What is required: First find the line with "CAMISETA (TAM M)", then reproduce it and all following lines of the data to the end, exactly and with no pictures, adding nothing.

Recorded data:
^^^^^^^^
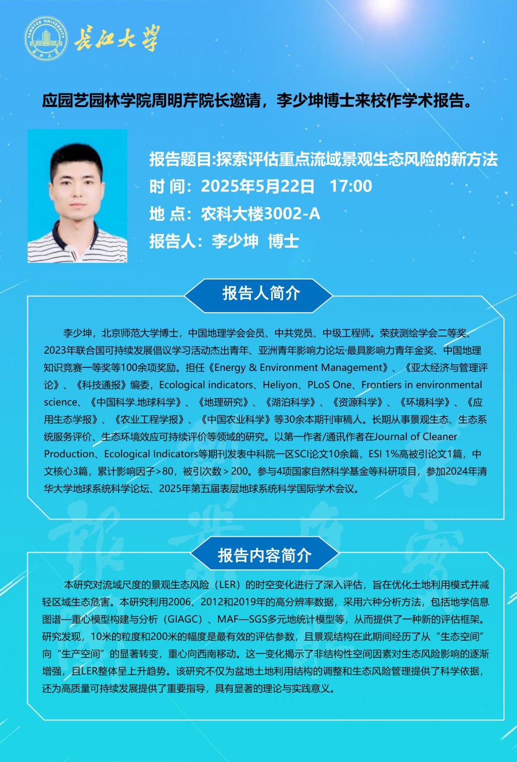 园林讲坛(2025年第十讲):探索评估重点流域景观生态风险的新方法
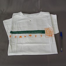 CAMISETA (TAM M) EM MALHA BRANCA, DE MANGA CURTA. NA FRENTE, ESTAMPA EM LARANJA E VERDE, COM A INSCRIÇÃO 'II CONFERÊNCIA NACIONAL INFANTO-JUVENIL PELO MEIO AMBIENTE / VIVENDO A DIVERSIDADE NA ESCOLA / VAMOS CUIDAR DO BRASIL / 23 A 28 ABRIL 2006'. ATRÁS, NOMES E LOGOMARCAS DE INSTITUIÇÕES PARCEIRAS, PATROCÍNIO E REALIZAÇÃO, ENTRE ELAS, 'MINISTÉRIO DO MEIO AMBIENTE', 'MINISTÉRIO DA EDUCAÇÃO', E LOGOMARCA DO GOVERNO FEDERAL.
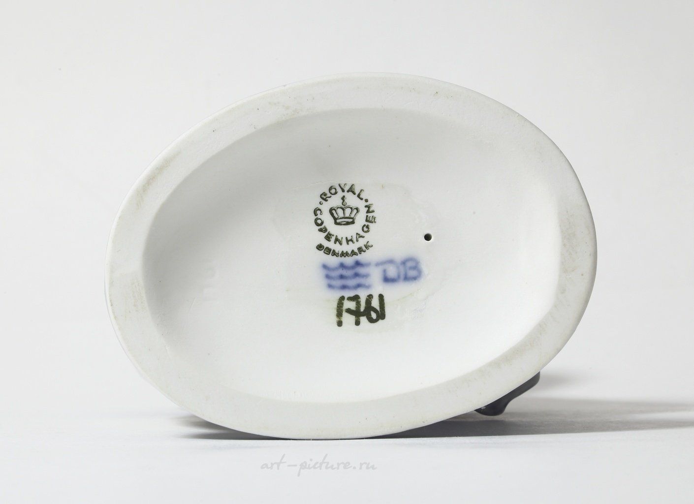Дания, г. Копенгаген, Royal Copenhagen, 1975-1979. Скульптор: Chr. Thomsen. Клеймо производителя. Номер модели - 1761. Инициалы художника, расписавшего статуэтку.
^^^^^^^^
Solution:
 CAMISETA (TAM M) EM MALHA BRANCA, DE MANGA CURTA. NA FRENTE, ESTAMPA EM LARANJA E VERDE, COM A INSCRIÇÃO 'II CONFERÊNCIA NACIONAL INFANTO-JUVENIL PELO MEIO AMBIENTE / VIVENDO A DIVERSIDADE NA ESCOLA / VAMOS CUIDAR DO BRASIL / 23 A 28 ABRIL 2006'. ATRÁS, NOMES E LOGOMARCAS DE INSTITUIÇÕES PARCEIRAS, PATROCÍNIO E REALIZAÇÃO, ENTRE ELAS, 'MINISTÉRIO DO MEIO AMBIENTE', 'MINISTÉRIO DA EDUCAÇÃO', E LOGOMARCA DO GOVERNO FEDERAL.
Дания, г. Копенгаген, Royal Copenhagen, 1975-1979. Скульптор: Chr. Thomsen. Клеймо производителя. Номер модели - 1761. Инициалы художника, расписавшего статуэтку.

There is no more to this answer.